La Sala Constitucional Primera de Santa Cruz resolvió a favor del ministro de Desarrollo Productivo, Óscar Mario Justiniano, y su hermano. El tribunal ordenó al vicepresidente Edmand Lara retirar todas sus publicaciones en redes sociales relacionadas con ellos. Además, se le prohíbe volver a difundir acusaciones similares.

La vocal Carla García señaló que las redes sociales tienen un impacto masivo y que las declaraciones de Lara vulneraron derechos fundamentales. Por su parte, el vocal Alaín Núñez afirmó que las publicaciones dañaron la reputación de los accionantes, justificando la tutela otorgada.
La decisión implica la eliminación de los contenidos ya publicados y la restricción de futuras acusaciones sin pruebas.

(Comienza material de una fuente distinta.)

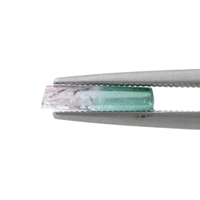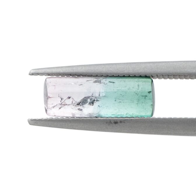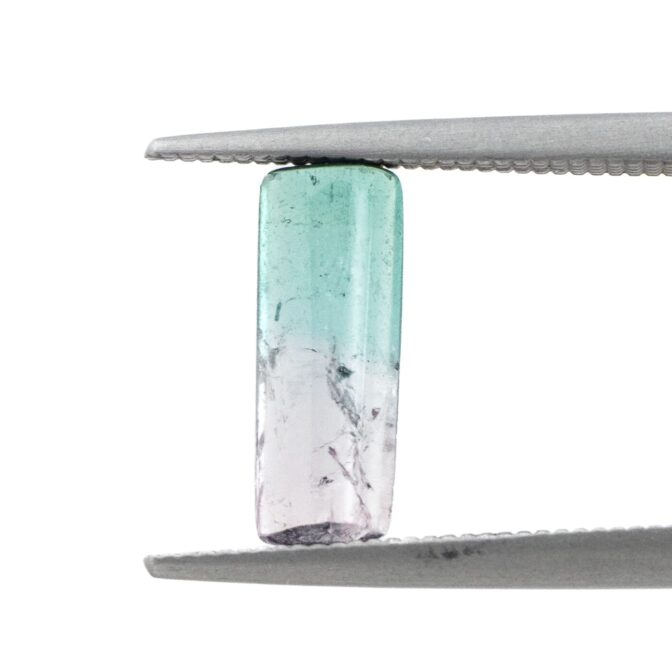 透明な輝きあふれるバイカラートルマリン。大粒でインクルージョンがあまりない透明な美しさは清々しく、柔らかなグラデーションが持つあたたかでまろやかな色合いは、見ているだけで忙しい日常をひと時忘れさせてくれます。細長いカットのルースは、色の移り変わりがしっかりと楽しめ、いつまでも眺めていたい誘惑に駆られます。多色性のある石なので、見る方向や角度によっても表情を変えるところが、たまらなく素敵なのです。
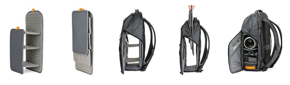 So what do we get with the Lowepro Freeline BP350AW backpack? Well, quite a bit of space actually. The whole backpack works off a three tier shelving system, with a top and two side zips for easy access. The bottom of these shelves houses a smaller bag with three compartments. Perfect for smaller accessories. The inclusion of two soft orange dividers makes it easier to protect your gear from colliding with eachother when you’re in transit. If it’s easier, you can snap the front and rear of the shelving unit to remove it completely from the bag to install your gear. However, you cannot install the dividers and then snap it down to put it back in the bag.
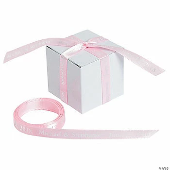 Make your wedding favors unique and memorable, right down to the personalized ribbon! Choose the ribbon shade that matches your wedding colors and then use the ribbon liberally to tie favors, attach tags, hold reception balloons and more. The message of your choosing will repeat approximately every 4″ for the entire 25 feet of satin ribbon. Personalize with 1 line of up to 32 characters/spaces. 3/8″ x 25 ft.
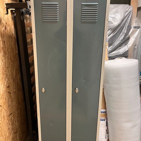 Flot og solidt gråt metalskab / lockerskab / garderobeskab med tre sammenhængende skabe. Hvert skab har en tophylde og i det store rum en bøjlestang øverst.
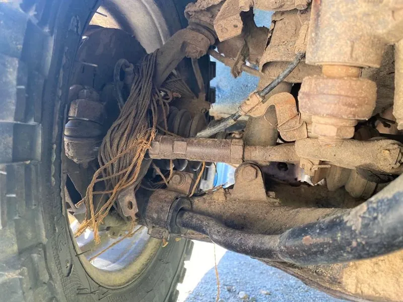 Pericol public! Proprietarul unui pick-up Mitsubishi L200 s-a prezentat la RAR pentru a face inspecția tehnică și a redobândi talonul mașinii cu întreaga articulație a unei roți legată cu o funie, sperând că inspectorii nu se vor prinde sau vor trece cu vederea.
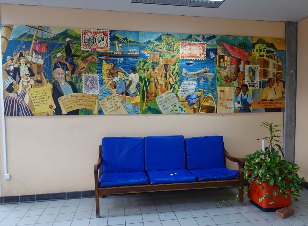 One wall displayed a mural detailing the history of Dominica’s postal service, from the 18th century up to 1993 — the year this building was opened with support from the British. Outside, classic red mailboxes were marked “Surface Mail,” “Inland Mail,” and “Air Mail,” while several taped-up notices strictly prohibited sitting, loitering, and ferry passengers from waiting in the area — all signs of how central and well-placed this post office really is. But we hadn’t planned to linger there anyway.
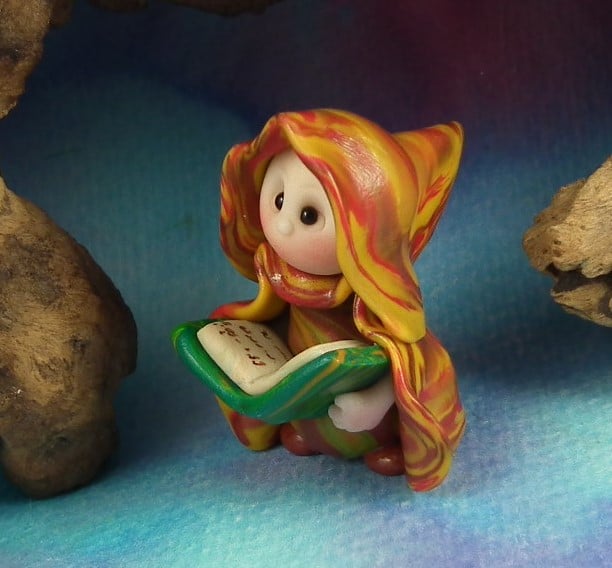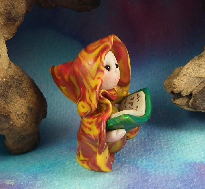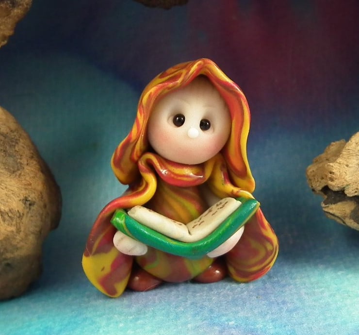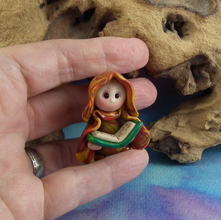 This is a 'one of a kind' creation having been entirely handmade without the use of moulds here at my studio on the Sussex Coast. Modelled with artist blend polymers, blushed before sealing with lacquer, Amos has sparkling black onyx eyes and variegated robes. Amos the Library Gnome is just one and a half inches tall.
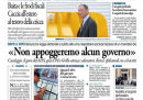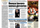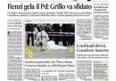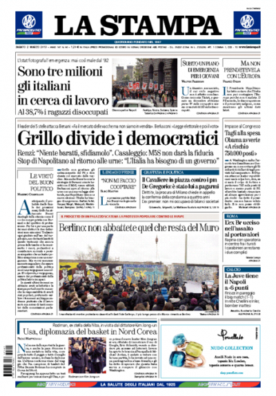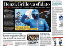 La maggior parte dei giornali di oggi aprono ancora sulle trattative per formare un nuovo governo, con le ulteriori dichiarazioni di Grillo e Casaleggio che negano la possibilità che il Movimento 5 Stelle voti la fiducia al governo e con l’intervento di Renzi che chiede al PD di sfidare Grillo sulle cose da fare per il bene del paese. Avvenire, il Manifesto e l’Unità titolano invece sui nuovi dati ISTAT sull’Italia con un nuovo record per la disoccupazione. I quotidiani sportivi commentano il pareggio fra Napoli e Juventus nella partita di ieri sera, che lascia la Juventus prima con sei punti di vantaggio.
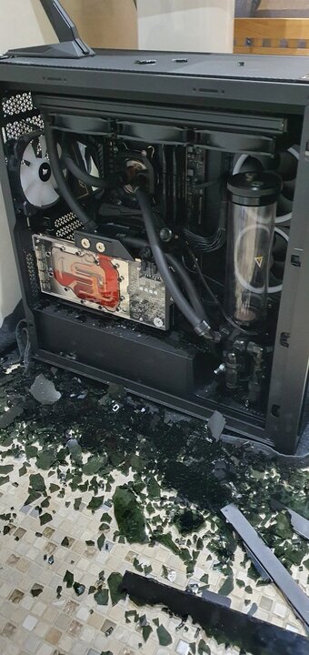 So was away for a week and moved my setup out of sight just incase if someone wanted to steal it. Stored it the washroom/bathroom. Once back home wanted moved my setup back to my desk. took the side panel off to make it lighter. The whole panel became a million smaller panels. I didn't knock it, I think it was little colded. The case is a Corsair 5000x, which came to market last year so thought I will be able to order a spare one. Corsair has none in stock, So new case for me right before the Christmas Hoildays!
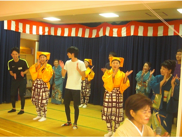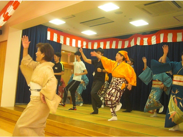 そして職員(たまたま現場実習にきていた研修生さんも・・)も交えて盆踊り。
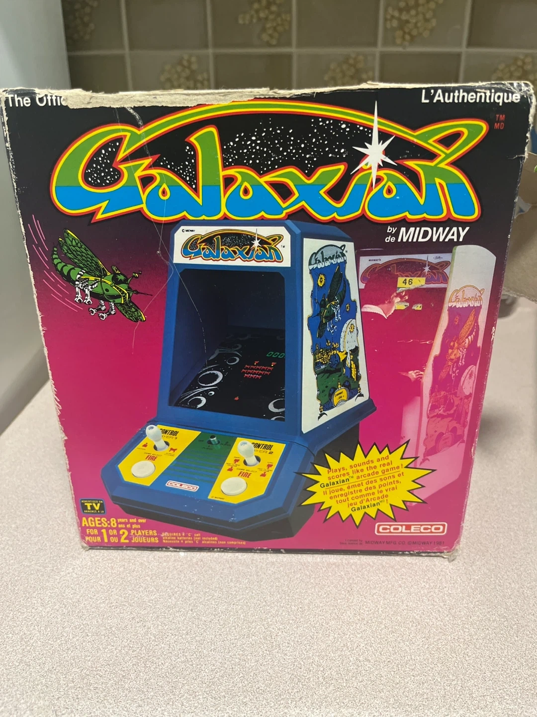 This is a Coleco Galaxian electronic handheld game. It plays, sounds and scores like the real Galaxian arcade game. It's for ages 8 and over.

También abre la vía para reclamos de daños morales en instancias ordinarias. Asimismo, se instruyó a la Vicepresidencia aplicar protocolos de declaraciones públicas y oficiar a las plataformas digitales para garantizar la eliminación de los contenidos.
El caso marca un precedente en Bolivia sobre el uso de redes sociales por autoridades públicas. La justicia reafirma que la libertad de expresión debe ejercerse con responsabilidad, especialmente cuando se trata de figuras de alto rango cuyas declaraciones pueden tener un impacto masivo en la opinión pública.
El fallo contra Lara es un freno institucional al uso irresponsable de las redes sociales. La justicia boliviana envía un mensaje claro: la reputación y la privacidad son bienes jurídicos protegidos y no pueden ser vulnerados bajo el pretexto de la denuncia pública.